Minfo-Indian iron ore resource mineral information prototype database
Minfo - a Protype Mineral Information Database for Iron Ore Resources of India
(COMPUTERS & Geosciences 27 (2001) 357-361)
Written: Indranil Roy, B.c. SARKER, A. Chattopadhyay
Introduction
Allowed mineral resources demand brings a lot of demand for information related to resources. The detection and related mining activities have produced a lot of data. In India, these information stay in the original data status due to the shortcomings of communication and without a central data warehouse. This problem can be solved by establishing a number of mineral information. India's large rich iron ore resources are mainly distributed in 5 districts, namely A district (South Bihar and Northern Osa), the BSTER, RAJHARA, MADHYA PRADESH ROWGHAT Regions (Bellary, Karnataka) HOSPET Regional), D Zone (GOA) and the E-E-E-En (Kudreme Kudremukh region of Bababudan, Karnataka) (Figure 1). (Banerjee and Sharma, 1994). Currently, 259 have been working in India and hundreds of unopened ore (Deposits) (Indian Mines, 1992). In this situation, in accordance with the new national mineral policy in India, I tried to develop Indian iron ore resource mineral information database, Minfo. So far, the prototype system includes information of 32 iron mine points in a region. The information of these mine points is collected from various published documents and each mining report. A form for each mine point information is ready. To ensure reliability, you have visited each mine point repeated verification information. In addition, data files are separately produced and linked to the system for each mine point. This article is a description of the mineral information prototype database-Minfo for the development of Indian mineral resources. Mainly highlight the construction and information management system of the Minfo database, including the structure of the data file and the user interface.
System Requirements
The Minfo database is developed with Turbo Pascal (Ver.6.0), which can be run in DOS3.0 or higher, which is preferably 486 or higher microprocessors and minimum 2.46kb RAM at any IBM PC compatible machine. The core module requires 2.46MB of the hard disk space. The storage space of the database portion is determined by the database, and each mine point requires 1.84KB.

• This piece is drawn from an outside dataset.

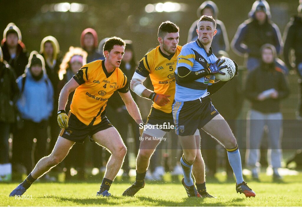 13 February 2014; Paul Mannion, University College Dublin, in action against Ciaran Cafferty, left, and Pete Dooney, Dublin City University. Irish Daily Mail HE GAA Sigerson Cup 2014, Quarter-Final, University College Dublin v Dublin City University, UCD, Belfield, Dublin. Picture credit: Pat Murphy / SPORTSFILE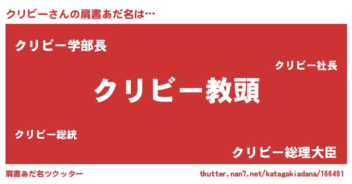| 男性向けラノベタイトル風あだ名 | 『クリビーという概念が存在しない退屈な世界 』 |

Database variable organization
In accordance with CLARK and COOK (1978), 7 types of information must be considered in order to fully define a mine point. Including (i) information, (ii) geographic location information, (iii) lease information, (iii) lease information, (IV) Existing mineralogue, mineral and distribution, (V) Category reserves information, (VI) ore geological information, and (VII) Current mining activities. In the Minfo Mineral Information Database, this 7 type of information is divided into 64 domains. Each category information and related fields are shown in Table 1.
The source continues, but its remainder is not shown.